Question

If b and c are any two no-collinear unit vectors and a is any vector, then
\[\left( a\centerdot b \right)b+\left( a\centerdot c \right)c+\dfrac{\left( a\centerdot \left( b\times c \right) \right)}{{{\left| b\times c \right|}^{2}}}{{\left( b\times c \right)}^{{}}}\] is equal to
(a) 0
(b) a
(c) b
(d) c

Answer 1

Hint: We will be using vector algebra to solve the problem. We will also be using scalar product, dot product and vector triple product to simplify the problem.

Complete step-by-step answer:

We have been given that b and c are two non-collinear unit vectors and a is any vector.

Now, we have to find the value of expression \[\left( a\centerdot b \right)b+\left( a\centerdot c \right)c+\dfrac{\left( a\centerdot \left( b\times c \right) \right)}{{{\left| b\times c \right|}^{2}}}\left( b\times c \right)\].

Now, we know that a unit vector along a vector \[\overset{\to }{\mathop{c}}\,\] can be written as \[\dfrac{\overset{\to }{\mathop{c}}\,}{\left| \overset{\to }{\mathop{c}}\, \right|}\] so we will write \[\dfrac{\overset{\to }{\mathop{b}}\,\times \overset{\to }{\mathop{c}}\,}{\left| \overset{\to }{\mathop{b}}\,\times \overset{\to }{\mathop{c}}\, \right|}\] as a unit vector.

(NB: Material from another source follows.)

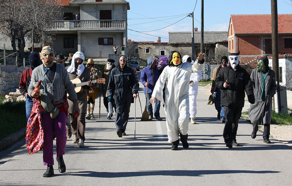U veseloj i šarenoj, a kako drugačije u toj prilici, koloni pod maskama skupilo se pedeset i nešto mještana. Kako to obično i biva kad su seoske maškare u pitanju, i kako to uostalom nalaže tradicija, hodali su od kuće do kuće po cijelom selu i pritom izvodili razno razne “maškarije, ludosti i nepodopštine”, a dobrodušni domaćini su razigrane maškare, kao i nekada, darivali domaćim divenicama, pancetom, vinom, kobasicama…

 \[\left( a\centerdot b \right)b+\left( a\centerdot c \right)c+\dfrac{\left( a\centerdot \left( b\times c \right) \right)}{\left| b\times c \right|}\dfrac{\left( b\times c \right)}{\left| b\times c \right|}\]

\[\left( a\centerdot b \right)b+\left( a\centerdot c \right)c+\left( \dfrac{a\centerdot \left( b\times c \right)}{\left| b\times c \right|} \right)\dfrac{\left( b\times c \right)}{\left| b\times c \right|}\]

Now, we know that a, b are non-collinear unit vectors also \[\left( a\times b \right)\] is perpendicular to both a and b by definition. So, we can say that a, b, \[\dfrac{\left( b\times c \right)}{\left| b\times c \right|}\] are three non-collinear unit vectors. So, we can have now \[\left( a\centerdot b \right)b\] the projection of a along b.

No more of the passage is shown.